SIETE PASOS PARA CAMBIAR

Seguro que muchos de nosotros hemos tenido, alguna vez, esa molesta y desagradable sensación de que no nos gusta nuestra vida o algún aspecto de ella, pero muchas veces somos incapaces de definir el qué, simplemente sentimos que no estamos satisfechos, que nos falta algo, no nos sentimos a gusto en nuestra piel o vemos que las cosas no nos salen como nos gustaría, pero no sabemos qué hacer. Es como si nos sintiéramos atrapados en una telaraña, en la que cuanto más intentamos salir, más enredados nos sentimos. Queremos cambiar, como dicen muchos de nuestros pacientes de Aupa cuando llegan, pero cuando les preguntas el qué, no saben definirlo, sólo sienten que tienen que cambiar. Hoy vamos a intentar seguir unas pautas para que este proceso de cambiar, que se nos antoja tan complicado, se convierta en algo más sencillo:

1-Establece un objetivo, empieza por algo concreto, no puede ser algo tan ambiguo como “cambiar mi vida”, puede ser hacer la cama todos los días, hacer ejercicio, dejar de fumar, ser más amable, sonreír más……Céntrate en sólo una cosa, la que más te preocupe o la que más necesites o ansíes en ese momento conseguir. Recuerda que una escalera no se sube de un salto, se sube peldaño a peldaño.

2-El objetivo debe ser afirmativo, no enuncies tu objetivo en negativo o tu cerebro lo vivirá como una renuncia y pondrá todas tus resistencias en marcha. Es decir, nunca mi objetivo puede ser dejar de fumar o de beber, debería ser “cuidar mi salud”, o no debería ser “ponerme a dieta”, sino conseguir un peso adecuado y en el que me sienta bien. Es mucho más importante de lo que creemos, lo que conseguimos así es trazar una meta positiva hacia la que dirigirnos, no huir, alejarnos o renunciar a algo, con toda la carga negativa de prohibición que conlleva.

3-No compares. Tu objetivo debe estar perfectamente definido, si digo que quiero estudiar más no estoy concretando: ¿más que ahora, pero cuánto más? , debería ser, voy a estudiar tres horas diarias, o establecer períodos concretos, voy a estudiar de 9 a 14 h. O quiero estar más delgada, sería incorrecto porque no has establecido una meta, deberías plantear, quiero pesar x kilos. O quiero ser más simpática, ¿más simpática que quién? ¿cómo crees que lo conseguirías?, en esta caso plantearíamos, voy a saludar a todas las personas con las que me cruce, voy a sonreír, voy a dar las gracias siempre…, recuerda, objetivos concretos.

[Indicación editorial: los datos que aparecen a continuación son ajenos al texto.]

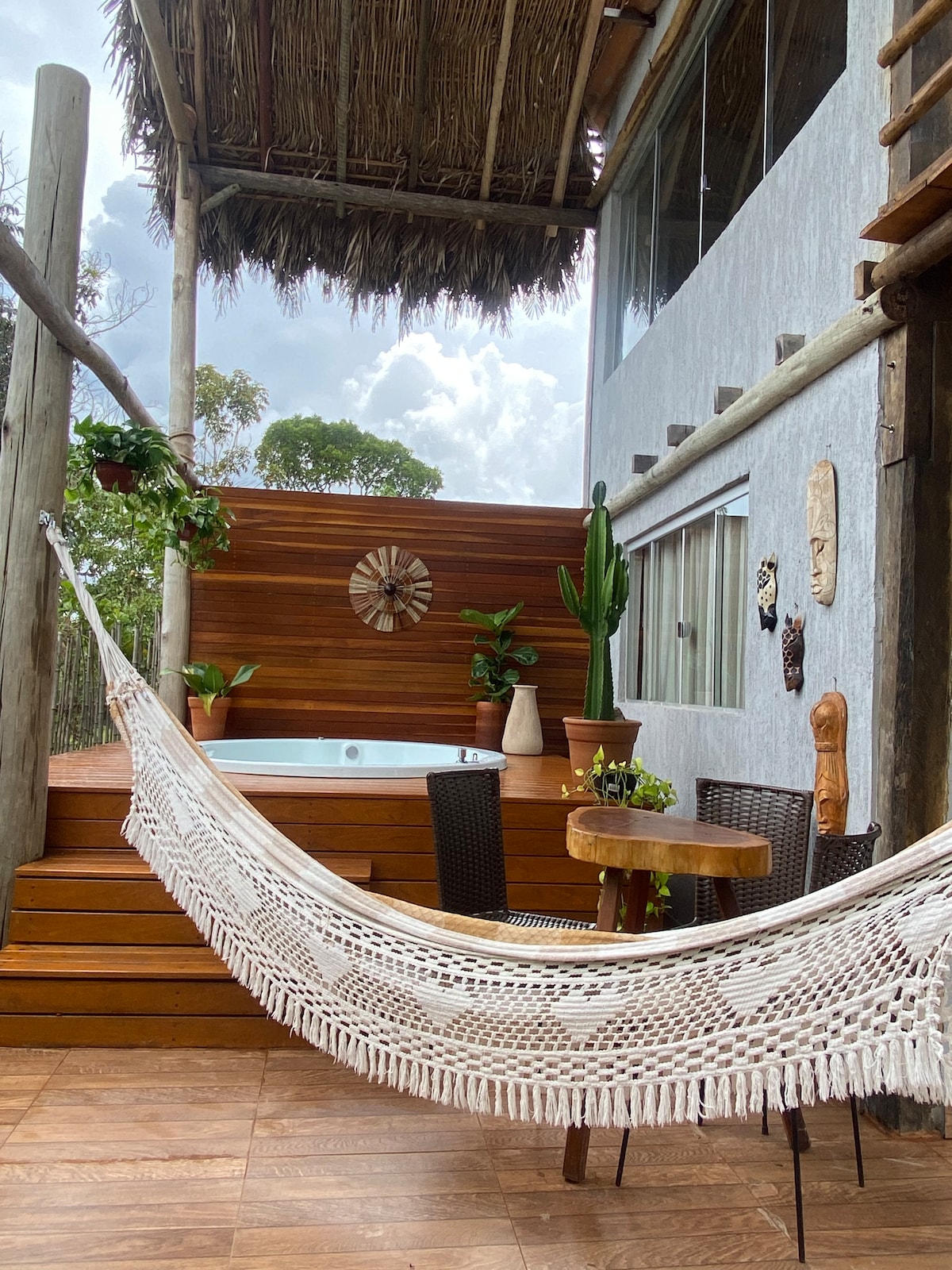 Pure luxury on two floors with fine finishes, king bed and a beautiful bathtub. A veranda with a hammock with direct views of the waterfall and an untouched São Miguel valley. On the ground floor there is a large living room, work table, kitchen and spacious second bathroom and a double sofa bed. Pure spring water in every faucet, amazing views from the windows. Outside a trail leads straight to the meeting of rivers and private waterfall, surrounded by thousands of hectares of pristine Cerrado.

4-Tu objetivo debe incluir emociones agradables, esto hará que tu sensación sea de caminar hacia algo que merece la pena y que hará que tu vida sea mejor, por tanto activará la parte positiva de tu cerebro y lo sentirás como algo bueno y que merece la pena conseguir: voy a terminar mi carrera para sentirme orgullosa de mí misma, quiero hacer ejercicio porque eso hará que me sienta más ágil y mejor físicamente, quiero sentirme tranquila y para eso necesito controlar esta ansiedad, quiero sentirme segura respecto a mi salud por eso dejaré de fumar….cada objetivo que me marque siempre llevará asociada una emoción positiva, para eso busco cambiar, y he de tenerla clara y reforzarla. Muchas veces en el proceso de cambiar algo, sólo nos centramos en la negatividad del esfuerzo o en lo que me va a costar, y perdemos de vista el porqué hemos decidido hacerlo, con lo cual es fácil que abandonemos al primer contratiempo.

5-Deja de dudar y enuncia en presente tu objetivo. A menudo escucho eso de” a ver si soy capaz” o “voy a intentarlo”, eso es renunciar antes de haber empezado, es darme muy poca credibilidad a mí misma, es boicotearme yo sola, es dudar de mis capacidades, es anticipar el fracaso. Nunca puede ser así el enunciado de mi objetivo, debería ser: quiero estar más tranquilo, voy a estudiar más, voy a cuidar más mi dieta, voy a ordenar mi habitación todos los días. Esto es una manera de coaching personal, me digo a mí misma que puedo y que lo voy a hacer.

6-Establece un objetivo realista, insisto el objetivo no puede ser quiero cambiar, esta puede ser tu meta y lo conseguirás al final, pero debo recorrer el camino paso a paso. Ponte un primer objetivo más sencillo y que creas que es el más factible: apagar las luces al salir de las habitaciones, recoger la ropa a diario, poner el bolso en su sitio y no en mitad del salón, ir a andar dos veces por semana, comer una pieza de fruta a diario….Una vez conseguido este, voy a por el siguiente, y así empezaré a confiar en mí misma, en mi palabra y en mis capacidades.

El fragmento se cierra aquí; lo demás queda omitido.